- Records supplied -
§ §
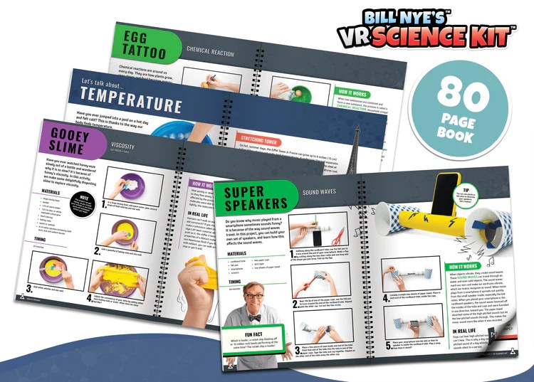 - 360 Virtual Reality: Immerse yourself in Bill Nye’s lab, fly over volcanoes, and dive into crystal caves with the included VR goggles.
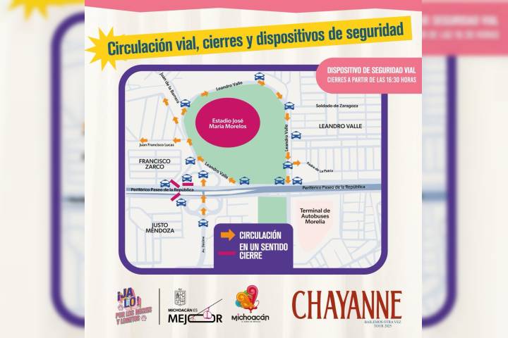 NOTICIAS 20/02/2025¡Toma precauciones! Habrá cierres vehiculares por concierto de Chayanne en el MorelosEl Gobierno de Michoacán informó que a través del Agrupamiento de Seguridad Vial se implementará un operativo en las inmediaciones del Estadio Morelos por el concierto gratuito de Chayanne, como parte del Festival Jalo por los Michis y Lomitos.
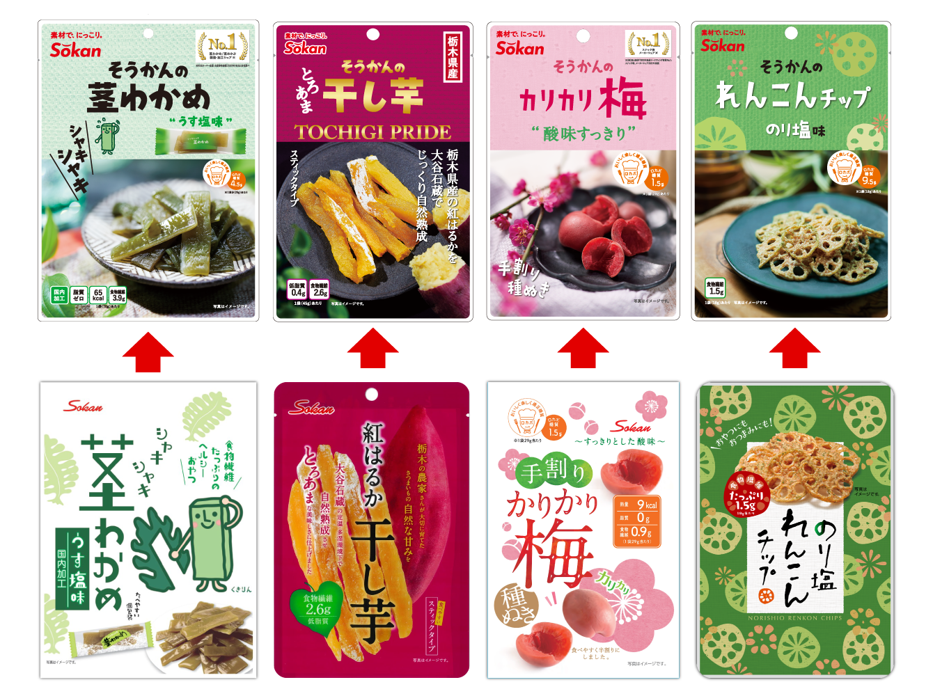 CIの刷新と併せて、「茎わかめ」や「干し芋」など主要商品のパッケージデザインをリニューアルいたします。新しいCIに込めた想いを反映させた統一感のあるパッケージで、より幅広い方々に認知していただき、身近に感じていただけるよう取り組んでいきます。
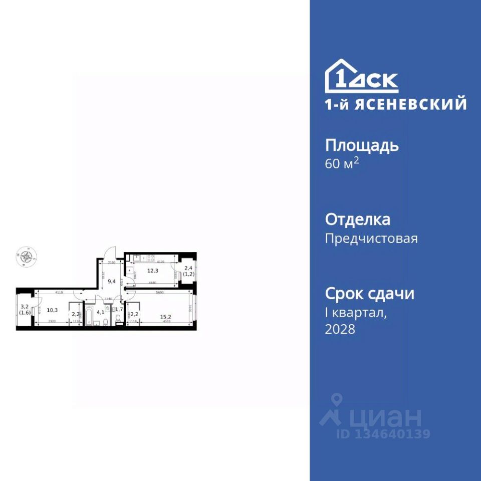 Продаётся 2-к квартира номер 242 общей площадью 60.2 кв.м. на 2-м этаже 18 этажного здания. Предчистовая отделка. Цена с учётом скидки.
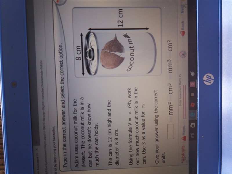 The Vilume formula is r²hπ = 4²*12*π = 16*12*π = 192π cm³
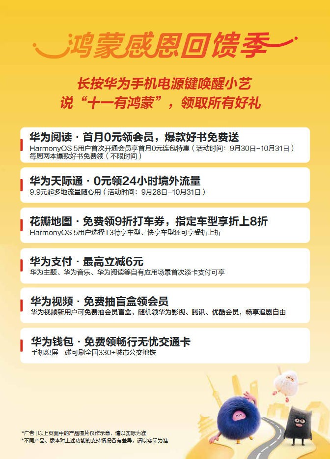 这个国庆中秋双节,即便宅家也不用怕虚度时光。9月30日前升级鸿蒙5.1,右滑进入负一屏“鸿蒙有礼”完成首签,每日签到还能拿到现金红包和抽取随机好礼,包括元服务优惠券、华为阅读、华为音乐、华为视频会员等权益。另外长按华为手机电源键唤醒小艺,说“十一有鸿蒙”,还可享华为阅读首月0元领会员、华为视频免费抽盲盒领会员等各种好礼,每天都有不一样的惊喜!
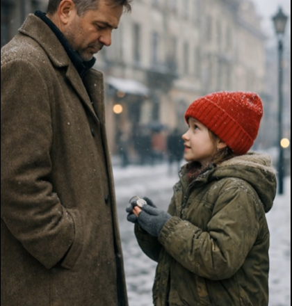 U dveří stála malá dívka, sotva osmiletá. Kabát jí byl velký, rukávy zakrývaly ruce, červená pletená čepice byla vlhká od mlhy. V natažené dlani držela drobný špendlík.
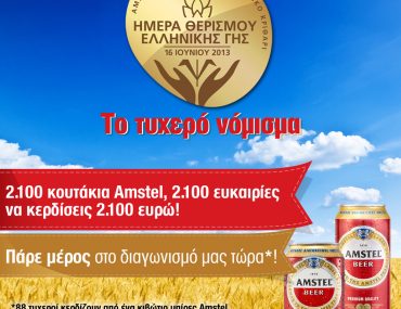 Ο ΑΒ Βασιλόπουλος διοργανώνει διαγωνισμό και σας προσφέρει 2.100 κουτάκια Amstel! 88 τυχεροί θα κερδίσουν από ένα κιβώτιο μπίρες Amstel.
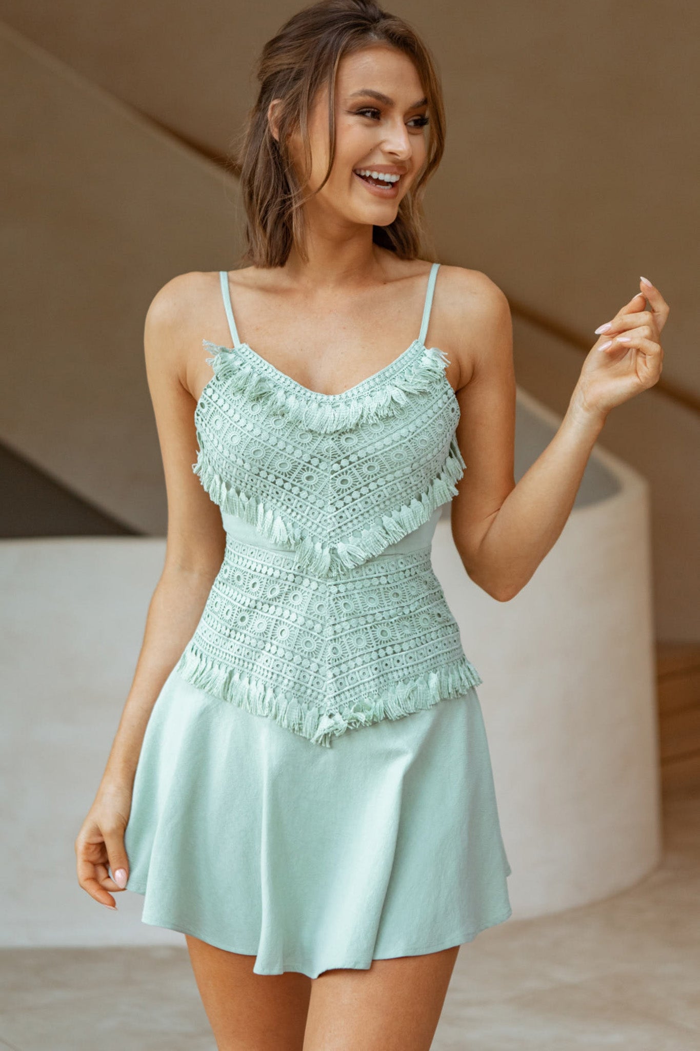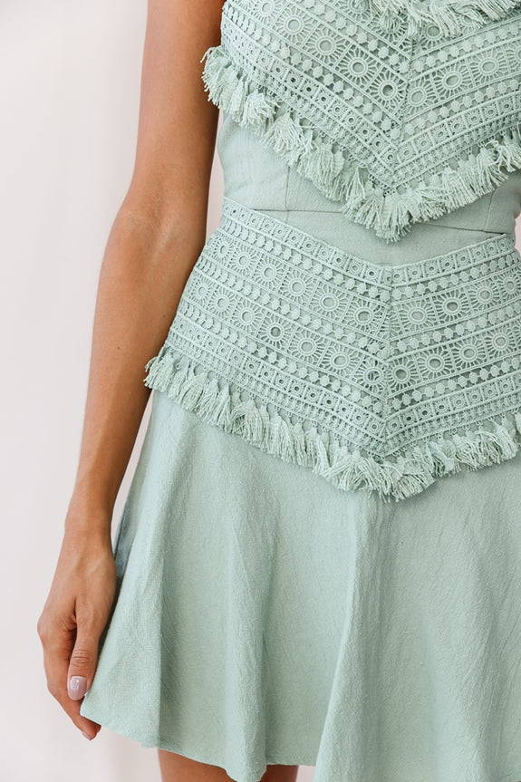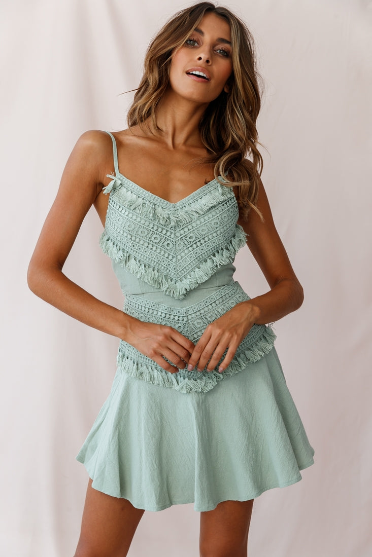 Make a statement in this unique, A-line dress featuring tassel-trimmed appliqué, crepe fabric, tie-back fastening and spaghetti straps. Perfect for a movie date with bae or brunch with the gals. Team it with strappy nude heels and a bright lip and get ready to turn heads.
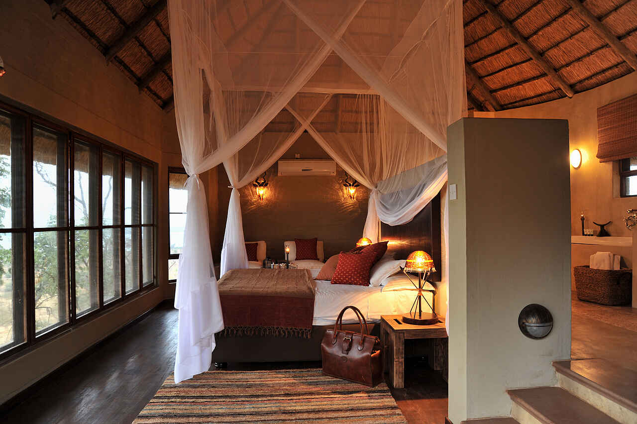 Für Gäste setehen 8 Suiten mit Panoramafenstern (6 Doppel- und 2 Triple Suites) zur Verfügung. Jede Suite mit Aussicht auf den Chobe River. Ausstattung: Badezimmer mit Indoor- und Outdoor-Dusche, private Veranda, Lounge, Ventilatoren, Klimaanlage, Minibar, Tee- und Kaffeebereiter, Moskitonetze.
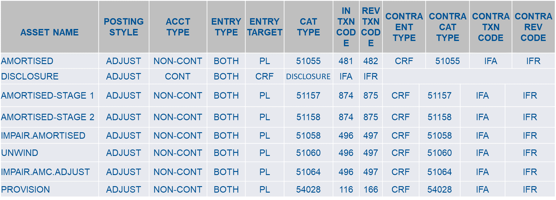 • User can specify different asset types, as per regulation, that can be AMORTISED, FAIRVALUE, DISCLOSURE, IMPAIR.AMORTISED, UNWIND, IMPAIR.AMC.ADJUST, IMPAIR.FAIRVALUE, IMPAIR.FV.ADJ.INC or IMPAIR.FV.ADJ.DEC and CURE.INTEREST.
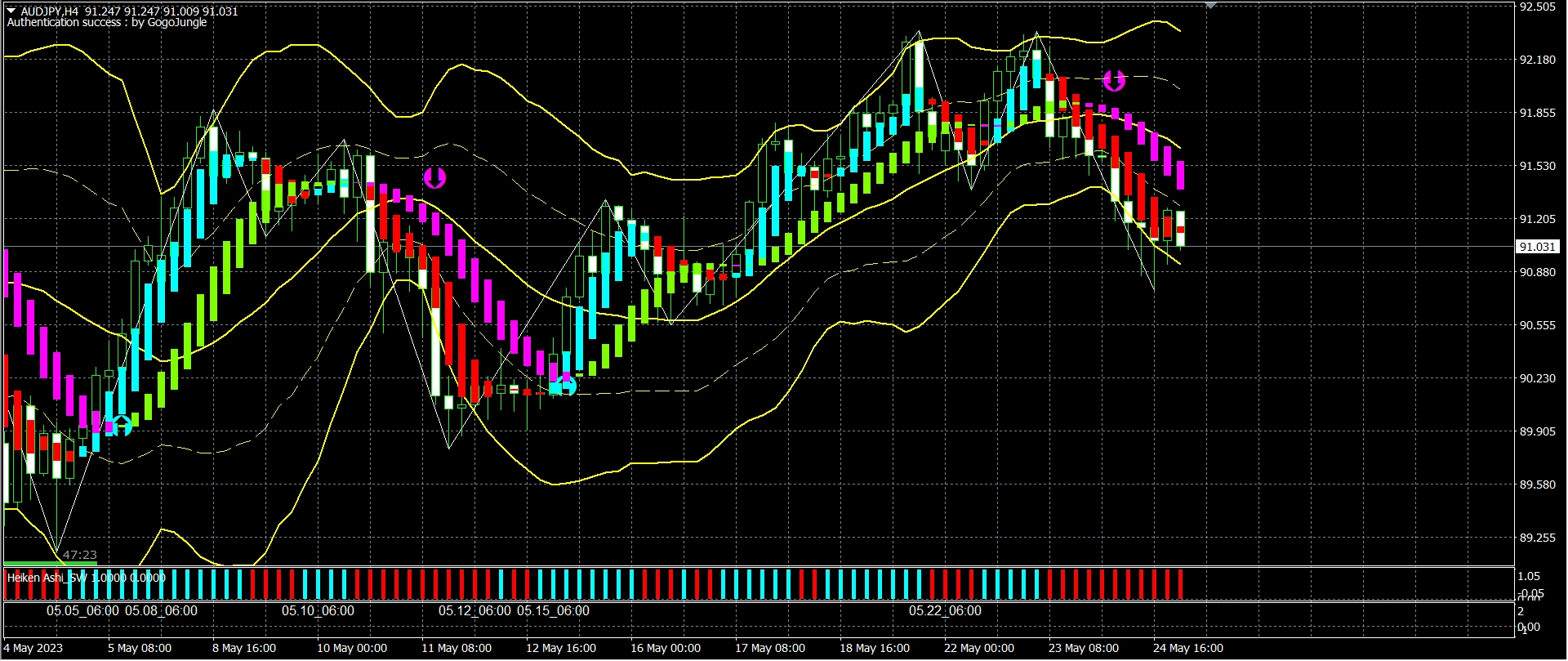 ドル円は買いポジションがリミット141.00を達成し+95pipsとなっております。豪ドル円は買いポジションを昨日4時間足18時の終値95.75で決済し+40pipsとなっております。
§ §
- What the task asks -
Your task is to set down each line above verbatim while excluding the pictures.

- Result of this exercise -
 - 360 Virtual Reality: Immerse yourself in Bill Nye’s lab, fly over volcanoes, and dive into crystal caves with the included VR goggles.
 NOTICIAS 20/02/2025¡Toma precauciones! Habrá cierres vehiculares por concierto de Chayanne en el MorelosEl Gobierno de Michoacán informó que a través del Agrupamiento de Seguridad Vial se implementará un operativo en las inmediaciones del Estadio Morelos por el concierto gratuito de Chayanne, como parte del Festival Jalo por los Michis y Lomitos.
 CIの刷新と併せて、「茎わかめ」や「干し芋」など主要商品のパッケージデザインをリニューアルいたします。新しいCIに込めた想いを反映させた統一感のあるパッケージで、より幅広い方々に認知していただき、身近に感じていただけるよう取り組んでいきます。
 Продаётся 2-к квартира номер 242 общей площадью 60.2 кв.м. на 2-м этаже 18 этажного здания. Предчистовая отделка. Цена с учётом скидки.
 The Vilume formula is r²hπ = 4²*12*π = 16*12*π = 192π cm³
 这个国庆中秋双节,即便宅家也不用怕虚度时光。9月30日前升级鸿蒙5.1,右滑进入负一屏“鸿蒙有礼”完成首签,每日签到还能拿到现金红包和抽取随机好礼,包括元服务优惠券、华为阅读、华为音乐、华为视频会员等权益。另外长按华为手机电源键唤醒小艺,说“十一有鸿蒙”,还可享华为阅读首月0元领会员、华为视频免费抽盲盒领会员等各种好礼,每天都有不一样的惊喜!
 U dveří stála malá dívka, sotva osmiletá. Kabát jí byl velký, rukávy zakrývaly ruce, červená pletená čepice byla vlhká od mlhy. V natažené dlani držela drobný špendlík.
 Ο ΑΒ Βασιλόπουλος διοργανώνει διαγωνισμό και σας προσφέρει 2.100 κουτάκια Amstel! 88 τυχεροί θα κερδίσουν από ένα κιβώτιο μπίρες Amstel.
 Make a statement in this unique, A-line dress featuring tassel-trimmed appliqué, crepe fabric, tie-back fastening and spaghetti straps. Perfect for a movie date with bae or brunch with the gals. Team it with strappy nude heels and a bright lip and get ready to turn heads.
 Für Gäste setehen 8 Suiten mit Panoramafenstern (6 Doppel- und 2 Triple Suites) zur Verfügung. Jede Suite mit Aussicht auf den Chobe River. Ausstattung: Badezimmer mit Indoor- und Outdoor-Dusche, private Veranda, Lounge, Ventilatoren, Klimaanlage, Minibar, Tee- und Kaffeebereiter, Moskitonetze.
 • User can specify different asset types, as per regulation, that can be AMORTISED, FAIRVALUE, DISCLOSURE, IMPAIR.AMORTISED, UNWIND, IMPAIR.AMC.ADJUST, IMPAIR.FAIRVALUE, IMPAIR.FV.ADJ.INC or IMPAIR.FV.ADJ.DEC and CURE.INTEREST.
 ドル円は買いポジションがリミット141.00を達成し+95pipsとなっております。豪ドル円は買いポジションを昨日4時間足18時の終値95.75で決済し+40pipsとなっております。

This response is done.